The module command sets the appropriate environment variable independent of the user’s shell. Typically the system will load a default set of modules. A user can list the modules loaded by:

$ module list

To find out what modules are available to be loaded a user can do:

$ module avail

To load packages a user simply does:

$ module load package1 package2 ...

To unload packages a user does:

$ module unload package1 package2 ...

A user might wish to change from one compiler to another:

$ module swap gcc intel

The above command is short for:

$ module unload gcc
$ module load intel

A user may wish to go back to an initial set of modules:

$ module reset

This will unload all currently loaded modules, including the sticky ones, then load the list of modules specified by LMOD_SYSTEM_DEFAULT_MODULES. There is a related command:

$ module restore

This command will also unload all currently loaded modules, including the sticky ones, and then load the system default unless the user has a default collection. See User Collections for more details.

If a module is not available then an error message is produced:

$ module load packageXYZ
Warning: Failed to load: packageXYZ

It is possible to try to load a module with no error message if it does not exist. Any other failures to load will be reported.:

$ module try-load packageXYZ

Modulefiles can contain help messages. To access a modulefile’s help do:

$ module help packageName

To get a list of all the commands that module knows about do:

$ module help

The module avail command has search capabilities:

$ module avail cc

will list for any modulefile where the name contains the string “cc”.

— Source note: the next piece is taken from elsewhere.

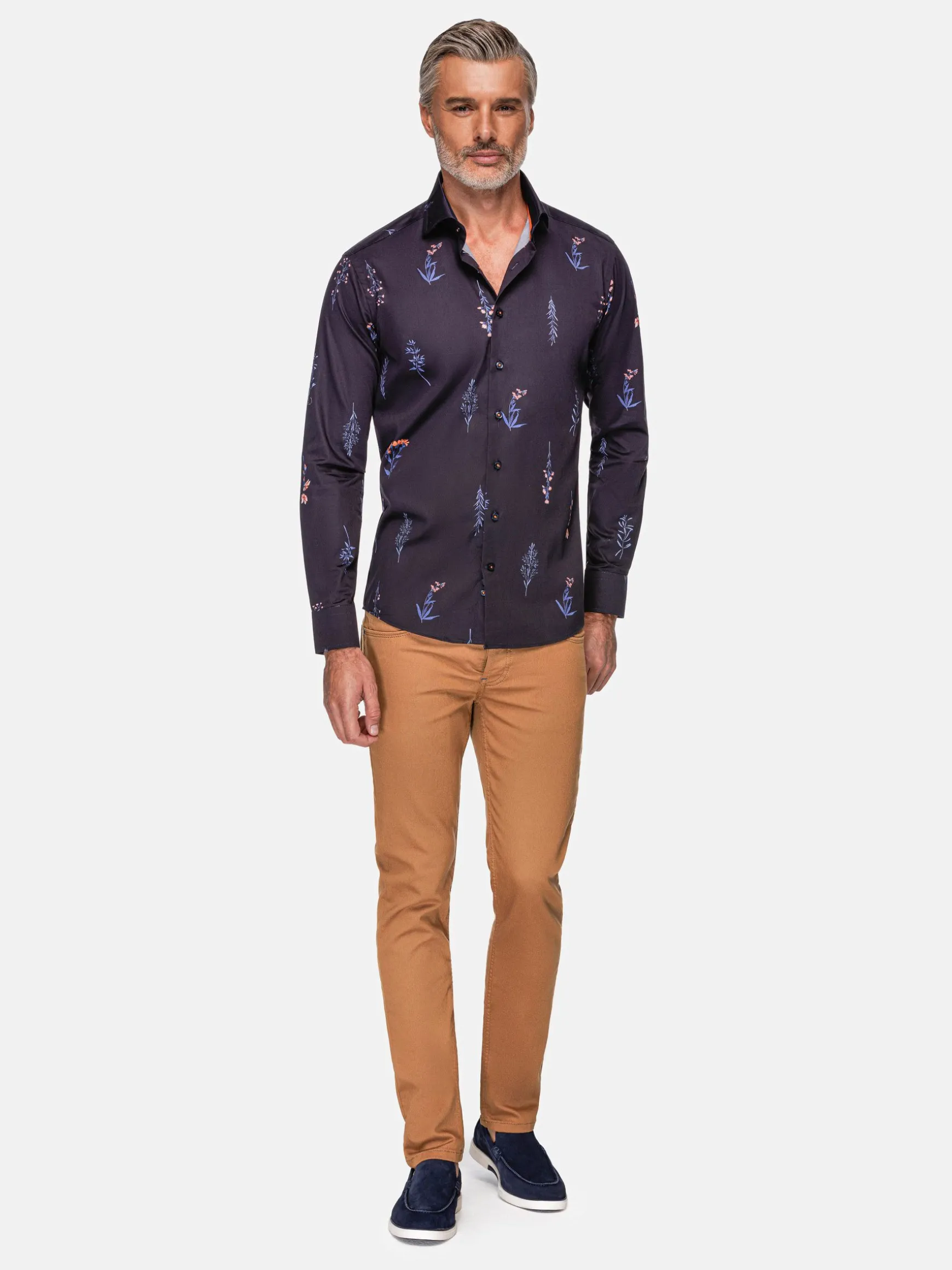 Het Equinox navy shirt met bloemenprint en lange mouwen is een stijlvolle navy top, perfect voor koeler weer of formele gelegenheden. Een bloemenpatroon voegt een elegante touch toe, waarbij een klassiek ontwerp wordt gecombineerd met op de natuur geïnspireerde levendigheid. Draag het met een broek voor een gekledere look of met een jeans voor een meer casual look. De marineblauwe basis complementeert de kleurrijke bloemenprint voor een evenwichtige en aangename esthetiek.

Users may wish to test whether certain modules are already loaded:

$ module is-loaded packageName1 packageName2 ...

Lmod will return a true status if all modules are loaded and a false status if one is not. Note that Lmod is setting the status bit, there is nothing printed out. This means that one can do the following:

$ if module is-loaded pkg ; then "echo pkg is loaded"; fi

Users also may wish to test whether certain modules can be loaded with the current $MODULEPATH:

$ module is-avail packageName1 packageName2 ...

Lmod will a true status if all modules are available and false if one can not be loaded. Again this command sets the status bit.

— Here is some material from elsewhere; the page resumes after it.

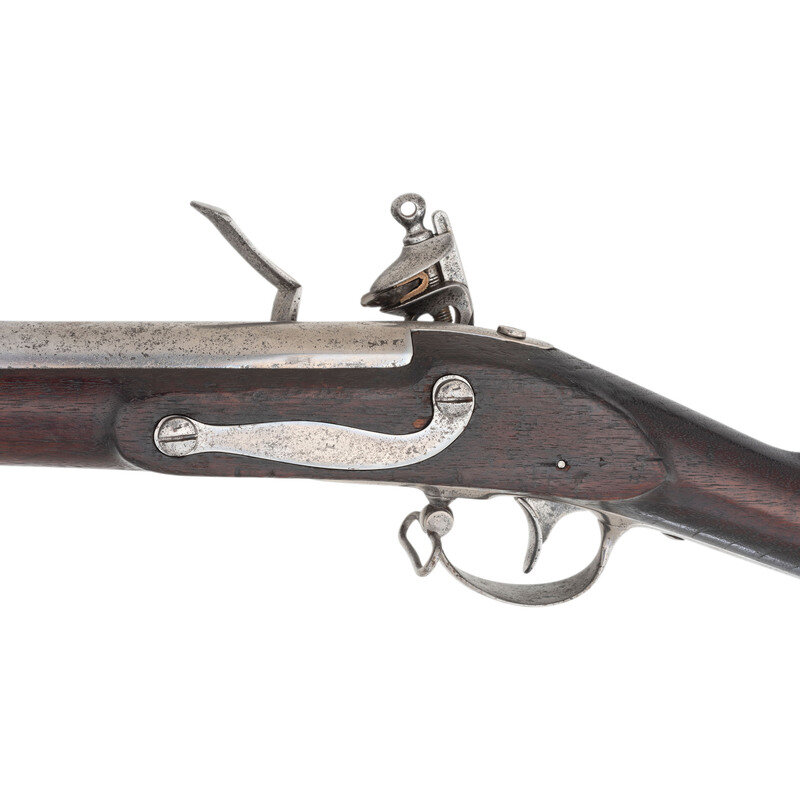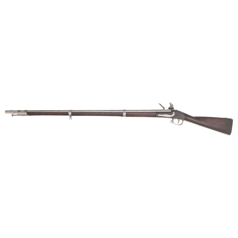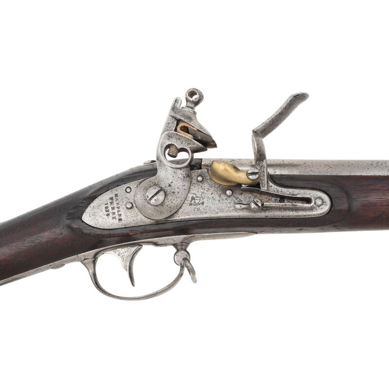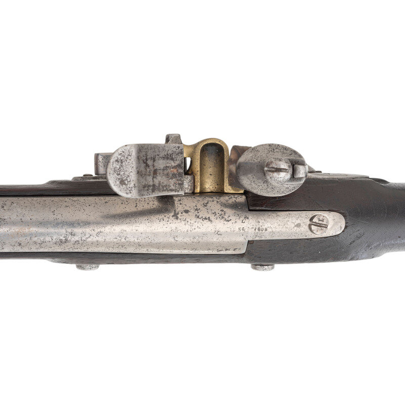 .69 caliber. 42" barrel. NSN. Bright finish, iron furniture, barrel retained by three flat, spring retained bands, full-length walnut musket stock. Single shot smoothbore muzzleloading flintlock musket with no rear sight, missing the brass blade front sight, socket bayonet lug on top of barrel, sling swivels and a short of full-length button head ramrod. Lock marked with a {Spread-Winged Eagle}/US forward of the cock and in three vertical lines HARPERS/FERRY/1838. Breech plug tang dated 1838 as well and breech with usual V/P/{Eagle Head} proof marks. The mating number "1" appears on many parts. Upper band replaced with a second spring hole drilled, somewhat ill-fitting and mismatched with the number "6". No cartouches or inspection marks are visible in the wood. Lock remains in original flint, barrel appears to be as well, although the touchhole is over sized and was clearly drilled straight through at some point in time. Harpers Ferry never produced the Model 1835/40 musket as Springfield did, and continued to produce the 1816 pattern musket (M1828 in this case) until they transitioned to making Model 1842 percussion muskets. {ANTIQUE}

Modulefiles can have a description section known as “whatis”. It is accessed by:

$ module whatis pmetis
pmetis/3.1  : Name: ParMETIS
pmetis/3.1  : Version: 3.1
pmetis/3.1  : Category: library, mathematics
pmetis/3.1  : Description: Parallel graph partitioning..

Finally, there is a keyword search tool:

$ module keyword word1 word2 ...

This will search any help message or whatis description for the word(s) given on the command line.

Another way to search for modules is with the “module spider” command. This command searches the entire list of possible modules. The difference between “module avail” and “module spider” is explained in the “Module Hierarchy” and “Searching for Modules” section.:

$ module spider

Specifying modules to load

Modules are a way to ask for a certain version of a package. For example a site might have two or more versions of the gcc compiler collection (say versions 7.1 and 8.2). So a user may load:

$ module load gcc

or:

$ module load gcc/7.1

In the second case, Lmod will load gcc version 7.1 where as in the first case Lmod will load the default version of gcc which normally be 8.2 unless the site marks 7.1 as the default.

In this user guide, we call gcc/7.1 the fullName of the module and gcc as the shortName. We also call what the user asked for as the userName which could either be the fullName or the shortName depending on what the user typed on the command line.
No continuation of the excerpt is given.